Lo scorso 5 aprile, la Squadra Amministrativa della Divisione P.A.S.I. di Catania, nel corso dell’ordinaria attività di controllo espletata nel territorio del capoluogo etneo, effettuava un accertamento all’interno di un’associazione culturale sita sul lungomare catanese.

Immediatamente il personale di Polizia, attraverso la lettura dello statuto, suffragava i sospetti che l’esercizio fosse totalmente abusivo in quanto, sebbene la natura giuridica dovesse essere quella di un circolo privato, all’interno venivano trovati tre avventori presenti, di cui due privi della tessera di affiliazione e non registrati nell’apposito registro dei soci. Gli stessi erano intenti a giocare agli apparecchi elettronici da gioco, funzionanti come video-poker e slot-machine.

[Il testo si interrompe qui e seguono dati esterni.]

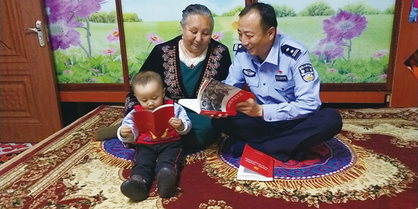 今年42歲的張建軍是烏魯木齊縣公安局板房溝派出所甘河子便民警務站站長。2017年初,他主動與轄區貧困居民庫里卡克爾一家結為親戚。
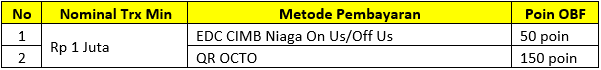 - Nasabah wajib memasukkan kode promo: OCTOBF di akun OCTO sebelum melakukan transaksi.

In totale venivano trovati 10 apparecchi del genere vietato, privi del prescritto nulla osta e non conformi alle caratteristiche previste dall’art.110 del Testo Unico delle Leggi di Pubblica Sicurezza. Pertanto, il presidente del club veniva sanzionato per un importo complessivo di verbali ammontanti alla somma di euro 111.000,00, oltre al sequestro amministrativo degli apparecchi elettronici da gioco sopra indicati.

Sono in corso ulteriori accertamenti intesi ad analizzare l’effettivo possesso della tabella dei giochi proibiti predisposta e approvata dal Questore di Catania.